August 18, 2022
Activision Blizzard sales drop as Call of Duty: Vanguard underperforms

Activision Blizzard, the largest US video game publisher, reported revenue that beat analysts’ estimates, but adjusted sales were down 15 percent compared to a year ago, due to a softer Call of Duty: Vanguard launch last fall. And a slow year for the gaming industry as a whole. Activision, which is in the process of being acquired by Microsoft, reported adjusted earnings of $1.64 billion (about Rs 13,000 crore) in the second quarter, compared to the analyst’s average estimate of $1.6 billion (about Rs 12,600 crore). In. Adjusted revenue does not include deferred sales from online purchases. According to data compiled by Bloomberg, adjusted earnings per share stood at 47 cents (about Rs 0.3), nearly 50 percent lower than a year ago and slightly below analysts’ estimates.

Last fall’s Call of Duty: Vanguard, which Activision said didn’t perform as expected, has had a ripple effect on the company’s fiscal year. The game received negative reviews and faced stiff competition from new entries in the popular Halo and Battlefield series.

During the second quarter, Activision’s Blizzard division released Diablo Immortal, a new mobile entry in the action series. Activision’s Chinese partner NetEase delayed the launch of Diablo Immortal in the world’s largest mobile app market by nearly a month, saying it needed additional time. It was finally released on July 25. Activision did not provide revenue figures for the new Diablo game on Monday.
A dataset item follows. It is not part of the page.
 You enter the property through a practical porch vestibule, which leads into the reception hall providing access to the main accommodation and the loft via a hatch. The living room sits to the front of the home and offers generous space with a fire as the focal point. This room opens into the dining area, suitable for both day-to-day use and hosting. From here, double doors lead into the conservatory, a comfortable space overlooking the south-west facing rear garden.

The video game industry has suffered a sluggish year as it deals with hardware supply chain issues affecting consoles, inflation and lack of big hits. Interest in gaming has also cooled as stay-at-home orders have been lifted and people have resumed outdoor interests and activities. According to a report by analytics firm NPD Group, spending in the video game industry is expected to decline 8.7 percent this year.
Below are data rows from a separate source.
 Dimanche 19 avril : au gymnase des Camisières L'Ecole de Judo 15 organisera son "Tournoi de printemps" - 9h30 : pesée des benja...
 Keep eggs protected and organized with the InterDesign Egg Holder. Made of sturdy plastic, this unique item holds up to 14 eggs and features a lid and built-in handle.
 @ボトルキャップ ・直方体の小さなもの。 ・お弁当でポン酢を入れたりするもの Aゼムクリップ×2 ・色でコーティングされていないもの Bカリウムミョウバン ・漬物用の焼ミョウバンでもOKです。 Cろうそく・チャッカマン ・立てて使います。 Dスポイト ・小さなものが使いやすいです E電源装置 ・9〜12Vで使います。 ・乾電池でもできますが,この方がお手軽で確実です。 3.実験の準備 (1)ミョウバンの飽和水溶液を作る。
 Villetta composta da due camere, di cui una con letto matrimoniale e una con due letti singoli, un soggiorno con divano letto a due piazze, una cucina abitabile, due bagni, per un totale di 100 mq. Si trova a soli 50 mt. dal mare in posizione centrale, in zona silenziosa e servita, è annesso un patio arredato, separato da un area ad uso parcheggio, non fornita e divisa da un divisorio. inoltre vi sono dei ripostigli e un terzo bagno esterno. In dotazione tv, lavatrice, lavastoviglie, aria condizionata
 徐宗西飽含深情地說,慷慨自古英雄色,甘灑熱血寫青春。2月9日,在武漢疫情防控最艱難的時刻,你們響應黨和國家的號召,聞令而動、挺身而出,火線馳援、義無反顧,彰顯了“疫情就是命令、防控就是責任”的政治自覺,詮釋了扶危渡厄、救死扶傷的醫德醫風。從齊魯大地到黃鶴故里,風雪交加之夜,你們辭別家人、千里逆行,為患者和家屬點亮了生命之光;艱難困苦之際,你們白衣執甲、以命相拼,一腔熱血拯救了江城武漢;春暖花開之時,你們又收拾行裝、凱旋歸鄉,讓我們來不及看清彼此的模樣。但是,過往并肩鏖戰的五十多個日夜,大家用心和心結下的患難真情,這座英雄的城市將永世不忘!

Activision said it expects revenue and earnings per share to “be lower year-over-year in the second half.” Shares were up less than 1 per cent at $80.45 (about Rs 6,500) in extended trading.

Call of Duty: Modern Warfare II, a new entry in the series, will be released on October 28. But the series will then drop to 2023, Bloomberg has reported. Instead Activision will release add-ons for Modern Warfare and other Call of Duty-related content. The next mainline game in the series, from Treyarch Studios, is planned for 2024. Call of Duty is Activision’s biggest video game series and the title regularly tops annual sales charts. They have sold over 400 million units since the series debuted in 2003.
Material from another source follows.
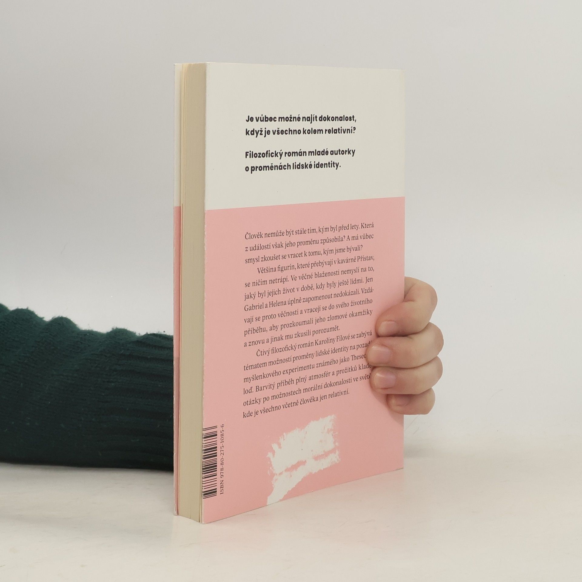 Je vůbec možné najít dokonalost, když všechno kolem je relativní? Když se před vámi objeví kavárna Přístav, už není třeba se trápit. Jednoduše si sednete, necháte si přinášet jeden šálek za druhým a postupně se proměňujete ve figurínu. Vaše věčnost právě začíná! Tělesnou dokonalost a nekonečný poklid mořského šumu získáte pod jedinou podmínkou: už nikdy nepromluvíte. Nabídka, která se neodmítá. Nebo snad ano? Odpověď není ani zdaleka tak jednoznačná, alespoň z pohledu Gabriela, jednoho z návštěvníků kavárny. Oproti všem očekáváním se jednoho dne vytratí a zanechá za sebou pouze nápovědu v podobě pěti pohlednic. Ze světa věčného klidu se ho vydává hledat jeho bývalá přítelkyně. Jenže v pražských ulicích se figuríny mění k nepoznání. Morálně dokonalý svět Přístavu je ten tam a návrat na věčnost se jen tak nekoná. Filozofický román Karolíny Fílové klade otázky po hledání aristotelovského středu coby ctnosti a prozkoumává možnosti dosažení morální dokonalosti ve světě, kde je všechno jen relativní.
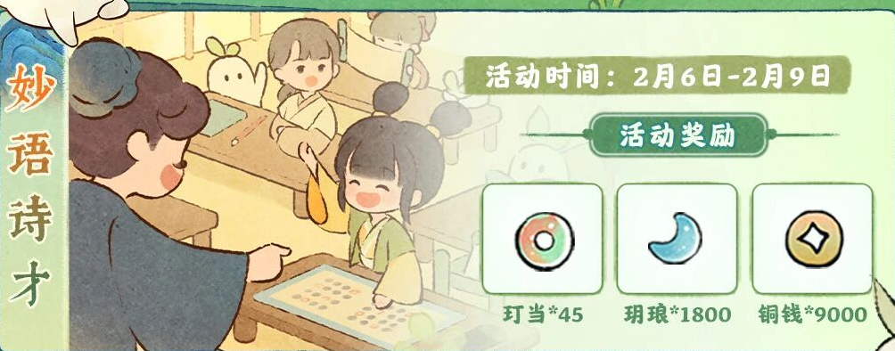 活动方面,在2月6日-2月9日期间,“妙语诗才”开启,在该活动中玩家可获得玎当*45、玥琅*1800、铜钱*9000的奖励。

Activision said it will also release Blizzard games Overwatch 2 on October 4th and Dragonflight, a new expansion for online game World of Warcraft, later this year. Diablo IV will be out next year, the company said.

The Santa Monica, California-based publisher increased developer headcount by 25 percent compared to a year ago, partly due to its acquisition of Boston-based game company Proletariat, which assisted in the expansion of World of Warcraft and Sweden-based AI company Pelterian. Will do However, it said it is “cognizant of risks, including those related to labor market and economic conditions.”

Microsoft announced the purchase of Activision in January. The Xbox maker swooped in, while Activision shares suffered last year amid the ongoing sexual misconduct scandal. Activision’s stock has risen nearly 20 percent since its January announcement, although it is still trading well below the $95 (roughly Rs.7,500) offer price per share, suggesting market uncertainty. The deal will happen. The newly appointed head of the Federal Trade Commission, Leena Khan, has indicated she plans to take a tough stand against technology mergers. Activision has said it expects the transaction to close in Microsoft’s fiscal year ending June 2023.